Findings from ABA Research
ABA recently conducted a nationwide survey of 780 banks of all sizes to find out how they are managing social media programs. What are the results banks have seen from their efforts so far? What do they wish they could do better? And what are the opportunities and challenges they see on the horizon? The final report, The State of Social Media in Banking, generated a wealth of data—and some hints as to what banks should expect in the days to come.
What does the future hold?
One thing is clear: Banks will continue to invest in social media.
More than half the banks surveyed (54%) expect to increase spending on social media resources in 2017. Some 12% will significantly increase that budget. One-third (33%) will hold the budget steady.
Only 1% of banks plan to reduce social media investment.
New channels – “We’ll keep an eye on up-and-coming platforms and assessing whether we should be there,” said Jeff McCarthy, vice president of marketing at First Bank Financial Centre in Wisconsin. “For example, as a team we can’t figure out how to add value in Snapchat, so we’re not there. Who knows; the next big thing in five years might not even exist yet.”
“We are a bank that likes to experiment,” said Jill Castilla, president and CEO of Citizens Bank of Edmond in Oklahoma. “So when there’s opportunity to expand into other social media platforms, we’ll always be looking at the next great thing. Someday down the road it will be a whole new suite of social media platforms.”
Growth in followers and engagement – “I see our program as in its infancy,” McCarthy said. “I’m working hard to grow our base of followers, so we are constantly trying to think of new ways to generate that interest. If we can keep up our level of engagement with a larger number of followers, we’ll be very happy.”
More mobile – Fully 90% of survey respondents agree or strongly agree that in five years customers will use mobile devices as their primary source of bank communication. Banks need to be agile and mobile-friendly to meet those customers’ expectations.
More video – “You get a good response with text, a better response with images, and even better response with video,” according to Ryan Bell, Chief Product Officer and Chief Technology Officer for Gremlin Social. “The trend is toward more video, particularly experimenting with live video. For instance, if the bank is involved in a charity event or breaking ground for a new branch, you might want to broadcast that on Facebook.” Central National Bank in Waco is one of the banks that has seen tremendous success using video, especially videos that poke a little fun at the bank. “You can do so much with video across all social media platforms,” said assistant vice president Bryan Fonville. “It’s also a nice way to show the human side of banking.”
More advertising – It will cost more to be seen. In 2016 Facebook announced an update that prioritizes posts from friends and family over those from businesses. In 2017, Facebook will likely move even more to a “pay to play” platform, emphasizing the need for brands to use paid advertising to reach consumer news feeds.
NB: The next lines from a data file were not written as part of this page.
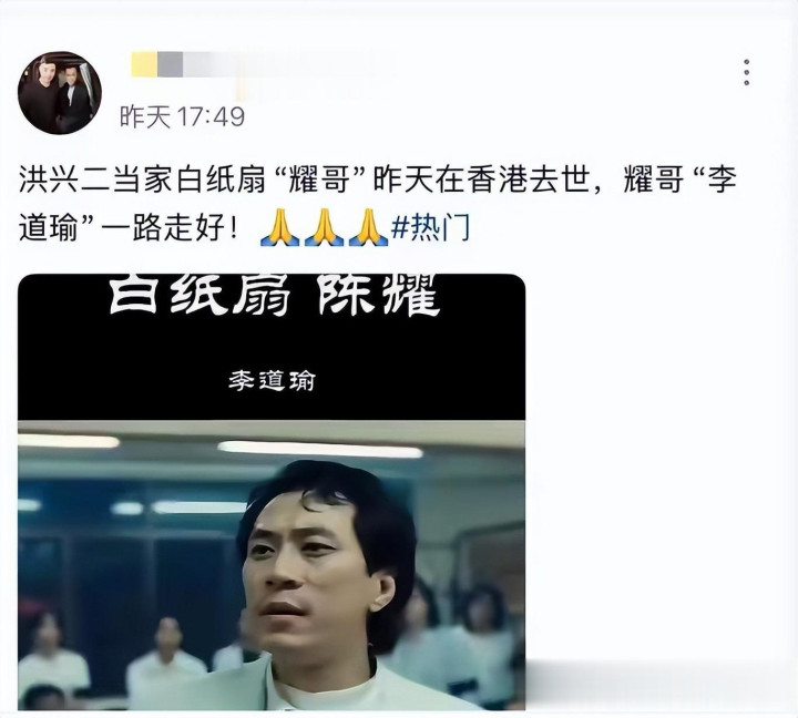 4月3日,香港影视圈传来一个令东说念主悲悼的音信,曾在经典电影《古惑仔》系列中上演洪兴社智囊“陈耀”的资深演员李说念瑜痛楚离世,常年58岁。
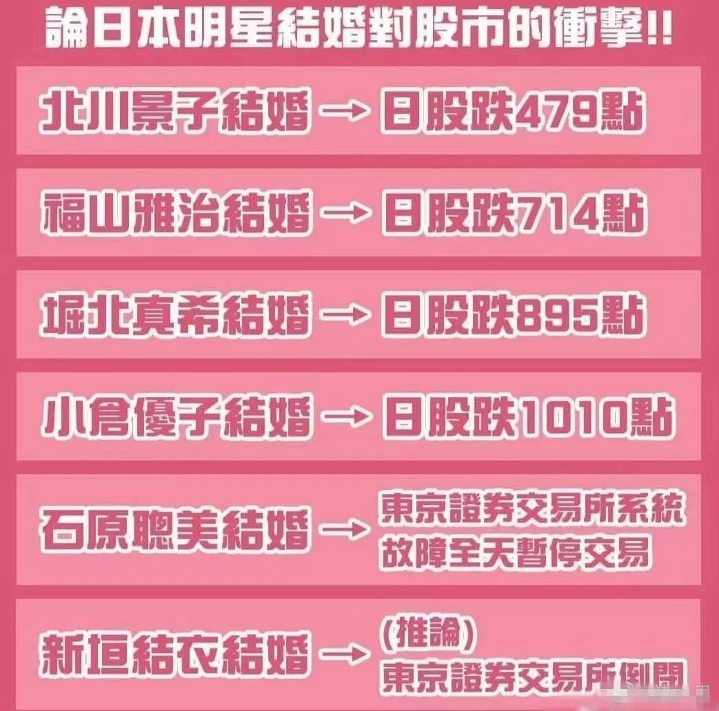 以前網上就流傳過一張預測圖,新垣結衣結婚的話,日經恐怕會迎來最大的衝擊。
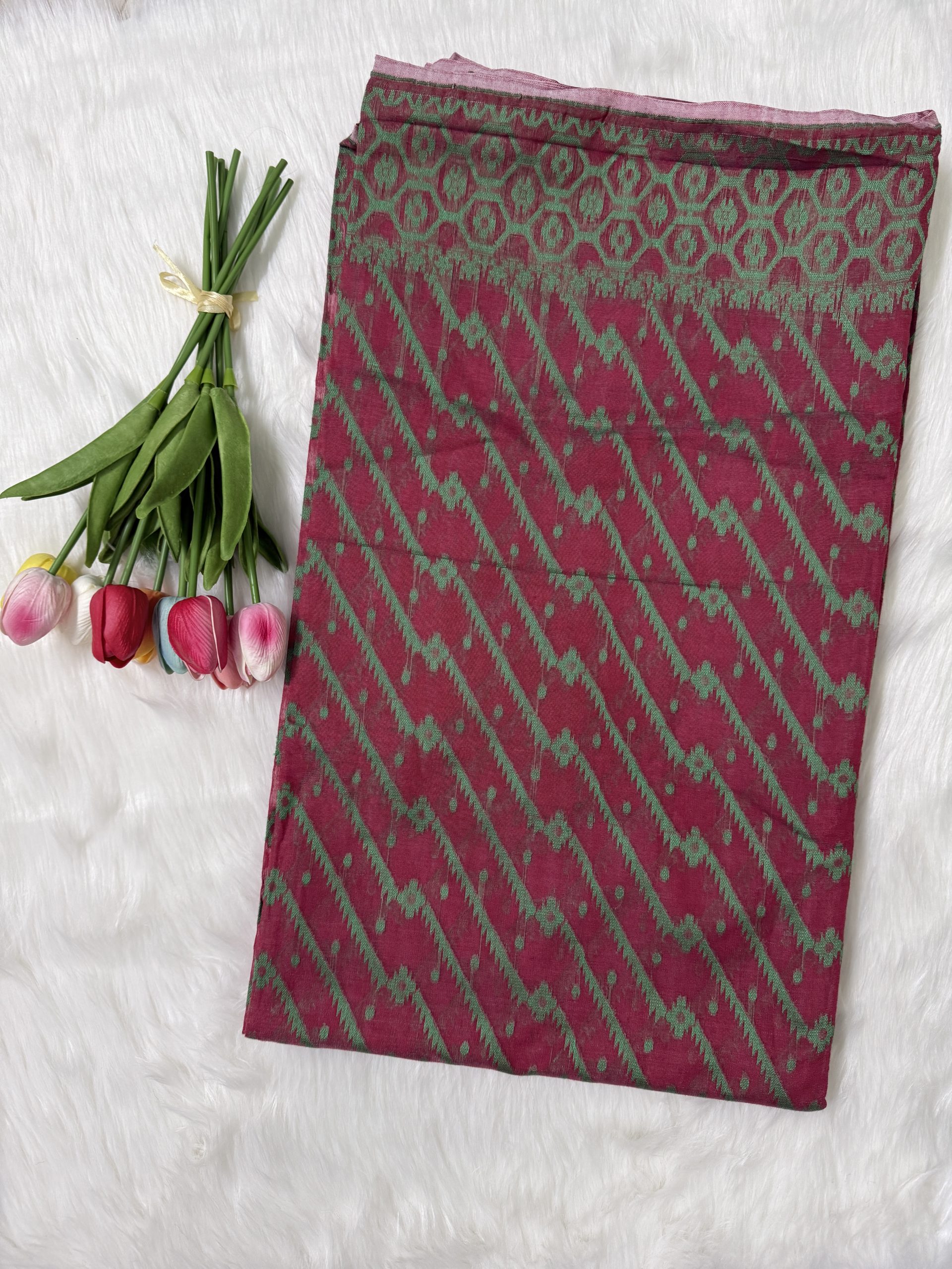 🛍️ স্টক সীমিত—আজই অর্ডার করুন, আপনার কালেকশনে যোগ করুন এই এলিগ্যান্ট Deep Magenta Khadi Jamdani Sharee!
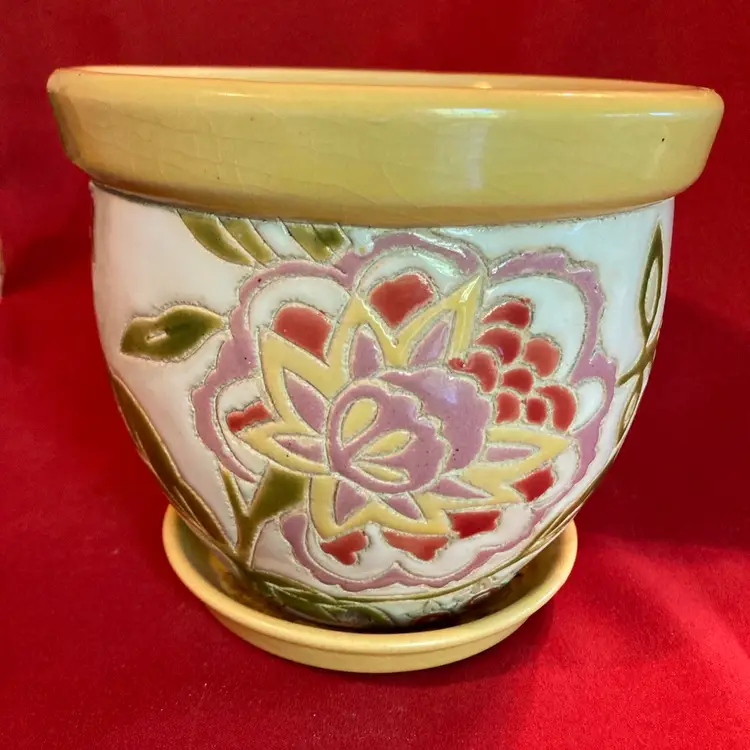 This vintage pot named, “Lemon Drop” by New England Pottery remains in perfect original condition. No chips, cracks or repairs. It measures 5 1/2 inches tall by 6 inches wide. Pretty!
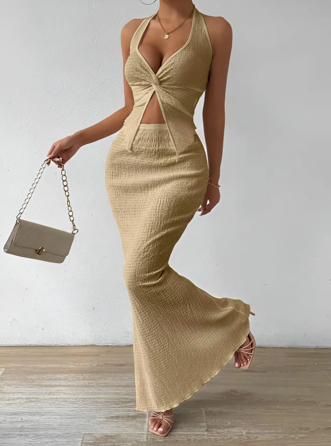 ✨ Elegant & Sexy Summer/Fall Two-Piece Set – Halter Top & Long Skirt 2025
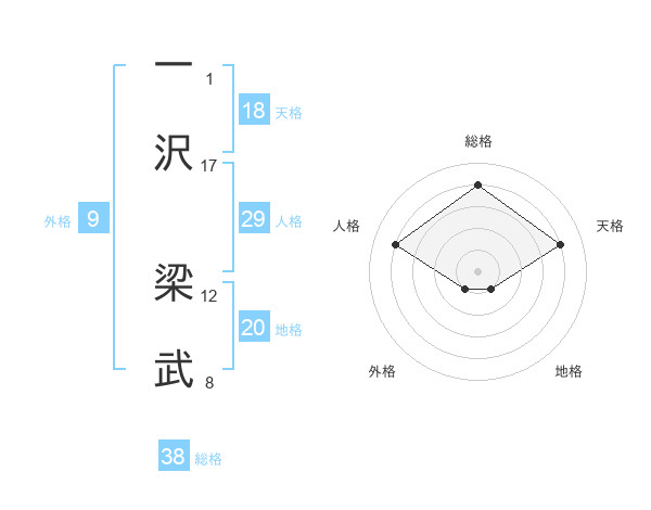 一沢 梁武さんの総格は38画の4点!
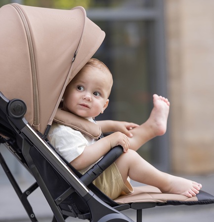 Siedzisko wózka spacerowego zostało zaprojektowane tak, aby zapewnić maksymalną wygodę zarówno podczas aktywnego siedzenia, jak i odpoczynku. Płynna i cicha regulacja oparcia umożliwia łatwe ustawienie najwygodniejszej pozycji, bez budzenia dziecka w czasie drzemki.
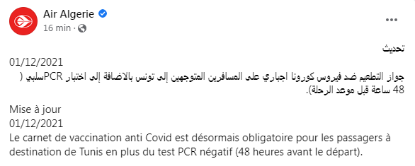 Le carnet de vaccination anti Covid est désormais obligatoire pour les passagers a destination de Tunis en plus du test PCR négatif, soit 48 heures avant le départ.
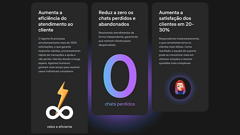 Com o agente resolvendo até 80% das demandas de forma autônoma, sua equipe foca no que realmente importa. Isso reduz o custo por atendimento e melhora a experiência do cliente com mais agilidade e consistência.
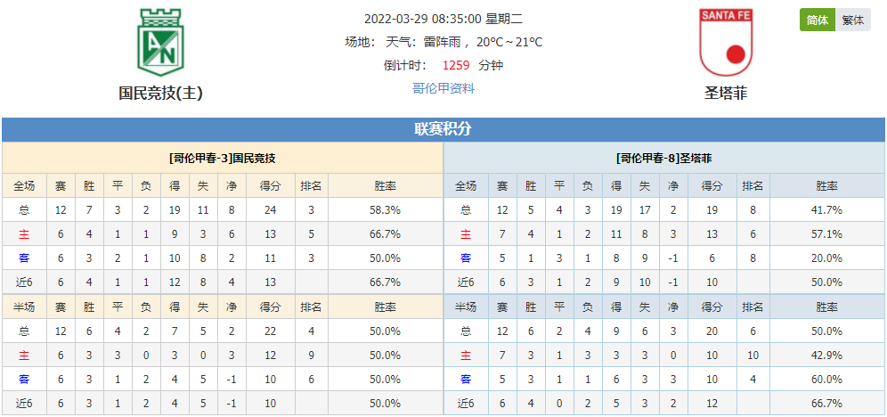 北京时间2022年3月29日08:35,哥伦甲春季联赛继续火热进行,此战由国民竞技坐镇主场迎战圣塔菲,国民竞技上轮联赛客场战平卡利体育会,本轮主场能否重回胜轨?圣塔菲上轮联赛主场斩获胜仗,本轮客场能否延续胜绩?
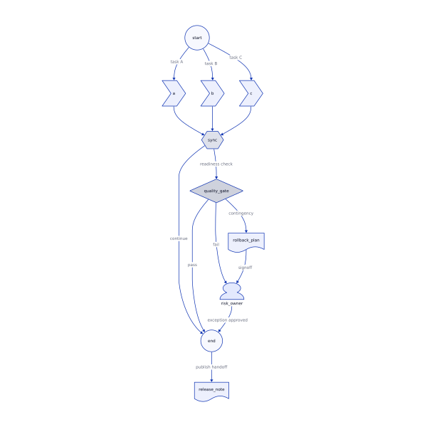 Parallel control execution before production release. Enterprise variant that adds rollback planning and release-note governance.
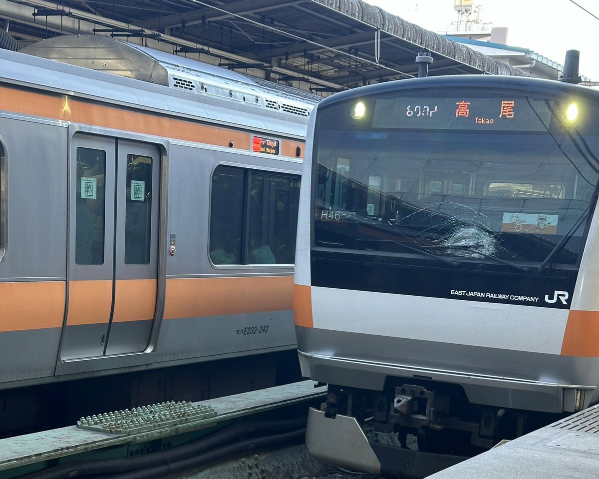【現場の状況】『中央線車両のフロントガラス破損』#中央線 中野駅で人身事故 #総武線 #東京メトロ東西線 特急あずさかいじなど遅延11月13日 #中野

Mobile ads, which command a higher price than those shown on desktops, accounted for roughly four-fifths of Facebook’s revenue in Q1 2016.
More process controls – “Initially people were trying to manage social media solely through policy and process management,” said Bell. “The wheels weren’t greased to make the approval process and content distribution efficient. The mere clumsiness of the process takes time, and time is money.” Money spent on software to manage social media will save hidden costs in compliance or reputational damage later.
Gordon Banks, senior vice president of marketing at FirstBank in Denver, Colorado, said, “We are satisfied where we are using social media but we are not going to be resting on our laurels. There are still a lot of opportunities for us to take advantage of as new platforms and new capabilities in social media come to fruition.”